--- Work to be completed ---
Exactly the lines below, starting with the one containing "12mm Black Lava" and going on through the one containing "Two bedroom/1 bath", must be reproduced, both ends included, and no pictures with them.

--- Task data ---
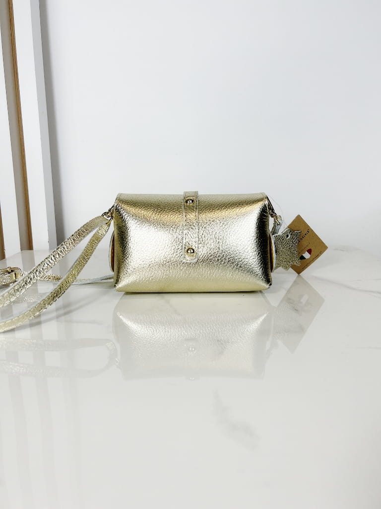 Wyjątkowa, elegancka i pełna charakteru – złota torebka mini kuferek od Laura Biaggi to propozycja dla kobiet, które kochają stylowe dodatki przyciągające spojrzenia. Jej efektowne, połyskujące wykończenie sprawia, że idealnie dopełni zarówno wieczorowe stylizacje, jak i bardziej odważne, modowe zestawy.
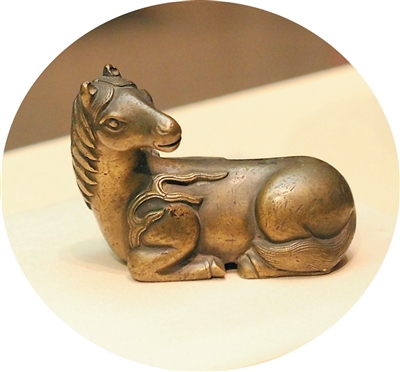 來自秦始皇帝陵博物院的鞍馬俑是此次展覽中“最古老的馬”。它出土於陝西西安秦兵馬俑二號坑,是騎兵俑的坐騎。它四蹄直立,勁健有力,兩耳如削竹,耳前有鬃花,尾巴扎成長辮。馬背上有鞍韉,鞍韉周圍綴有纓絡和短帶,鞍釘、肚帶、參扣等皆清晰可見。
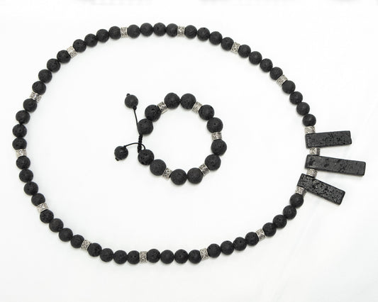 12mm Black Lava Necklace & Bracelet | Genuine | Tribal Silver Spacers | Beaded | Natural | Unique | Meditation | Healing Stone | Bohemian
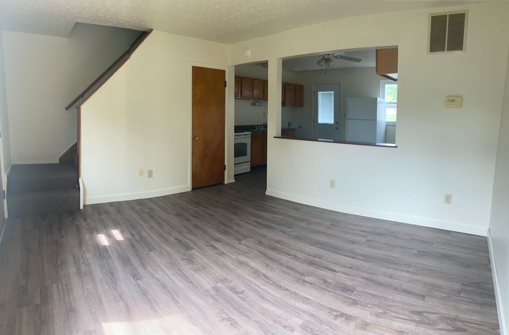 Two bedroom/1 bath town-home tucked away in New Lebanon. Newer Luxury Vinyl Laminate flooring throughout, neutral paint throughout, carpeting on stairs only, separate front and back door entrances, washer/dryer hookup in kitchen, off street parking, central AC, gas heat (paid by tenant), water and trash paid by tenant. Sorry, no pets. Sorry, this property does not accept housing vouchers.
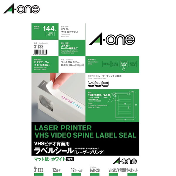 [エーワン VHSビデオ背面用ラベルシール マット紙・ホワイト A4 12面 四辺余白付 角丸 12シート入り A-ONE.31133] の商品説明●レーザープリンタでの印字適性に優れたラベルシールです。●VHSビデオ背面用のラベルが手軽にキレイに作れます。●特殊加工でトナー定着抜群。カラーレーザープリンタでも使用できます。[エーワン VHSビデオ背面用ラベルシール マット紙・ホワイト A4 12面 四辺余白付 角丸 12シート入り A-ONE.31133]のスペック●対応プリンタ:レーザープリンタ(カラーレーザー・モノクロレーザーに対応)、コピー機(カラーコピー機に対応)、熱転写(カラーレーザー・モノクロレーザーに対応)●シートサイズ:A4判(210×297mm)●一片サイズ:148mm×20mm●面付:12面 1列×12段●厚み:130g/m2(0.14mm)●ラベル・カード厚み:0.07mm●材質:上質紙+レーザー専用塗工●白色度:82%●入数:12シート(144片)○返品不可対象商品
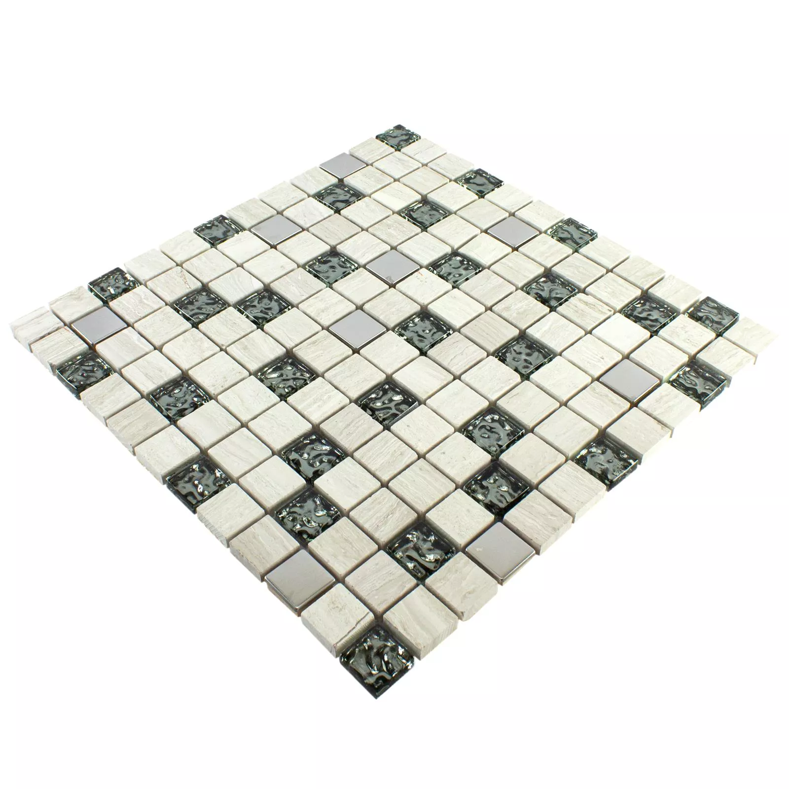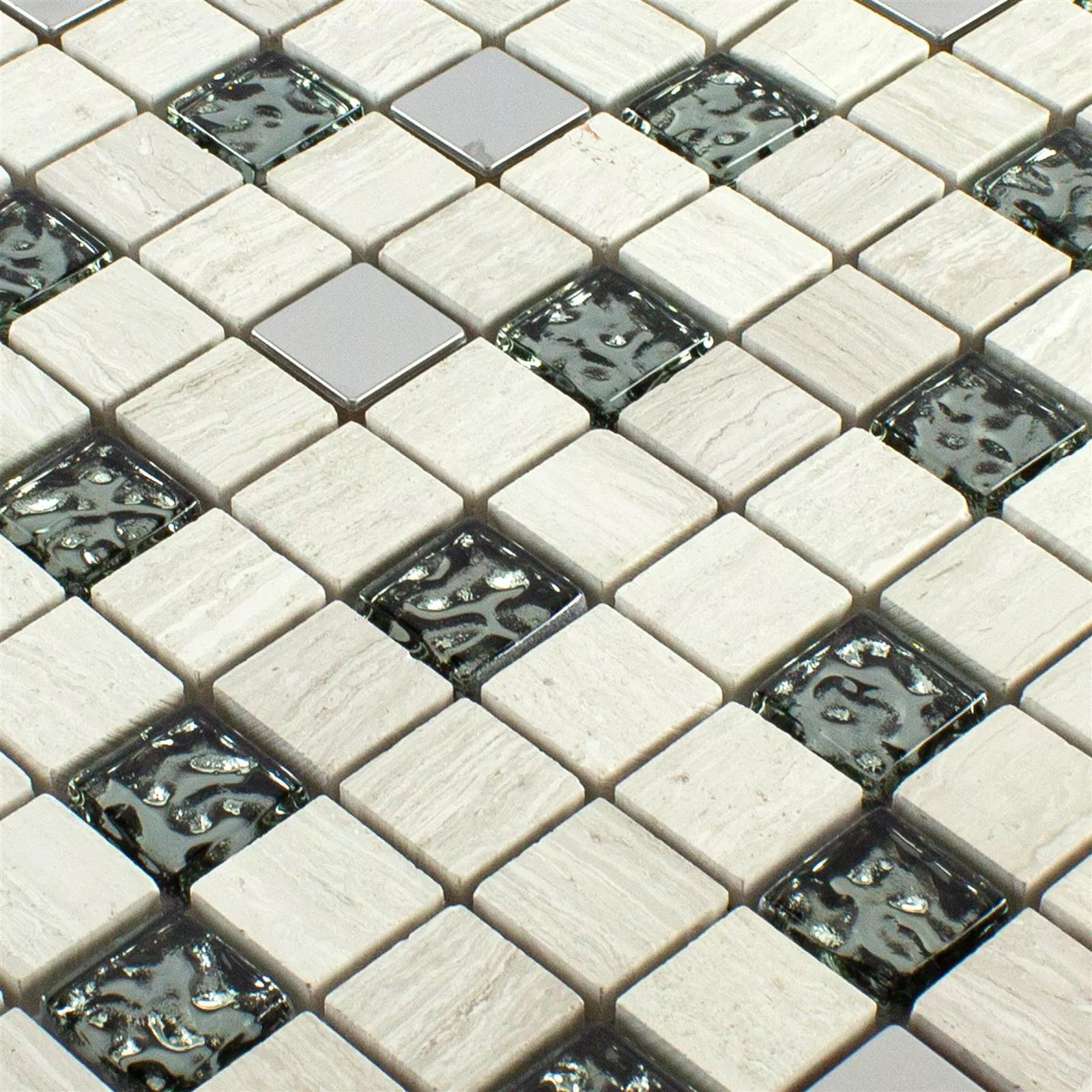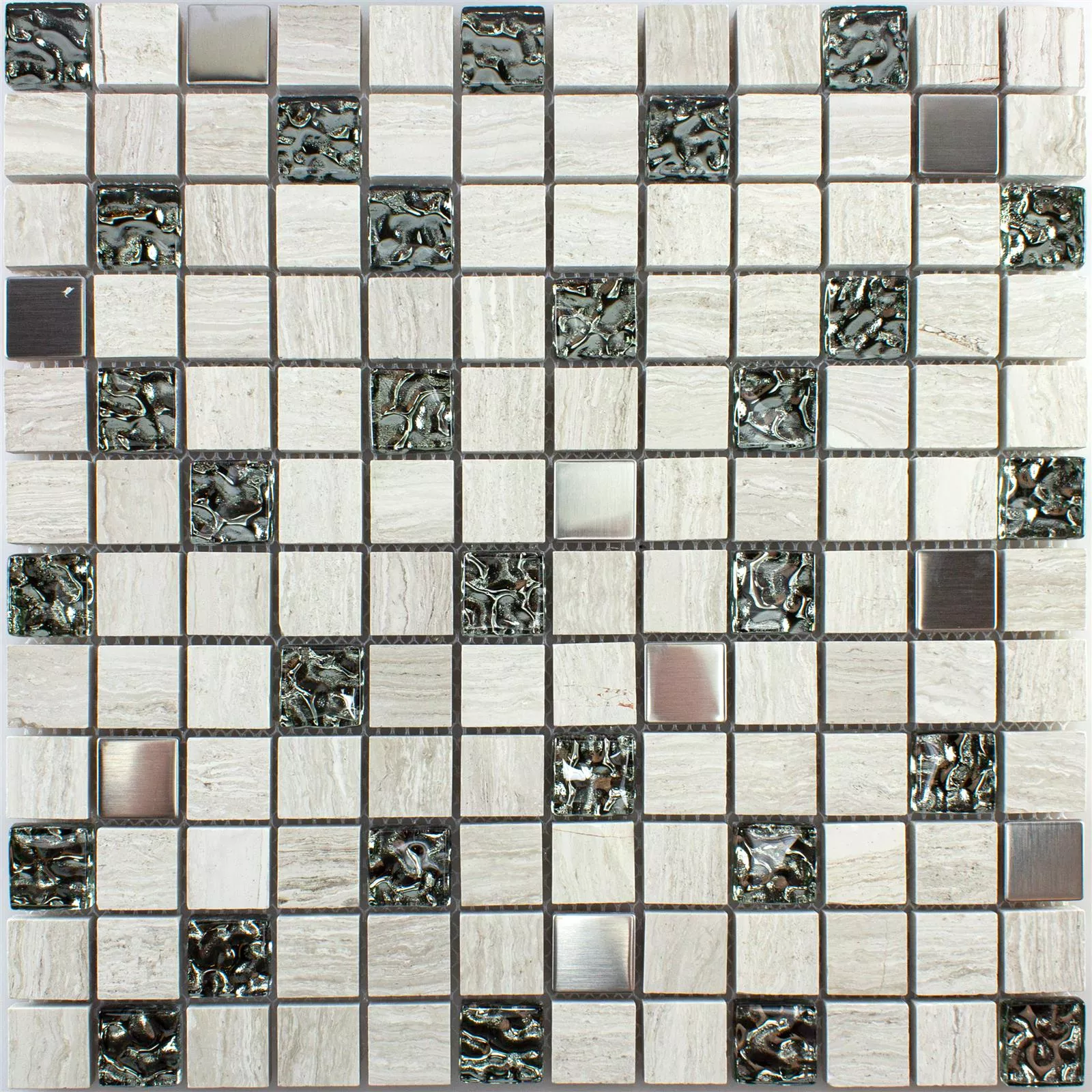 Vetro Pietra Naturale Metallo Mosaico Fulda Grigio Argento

--- Answer to this problem ---
 12mm Black Lava Necklace & Bracelet | Genuine | Tribal Silver Spacers | Beaded | Natural | Unique | Meditation | Healing Stone | Bohemian
 Two bedroom/1 bath town-home tucked away in New Lebanon. Newer Luxury Vinyl Laminate flooring throughout, neutral paint throughout, carpeting on stairs only, separate front and back door entrances, washer/dryer hookup in kitchen, off street parking, central AC, gas heat (paid by tenant), water and trash paid by tenant. Sorry, no pets. Sorry, this property does not accept housing vouchers.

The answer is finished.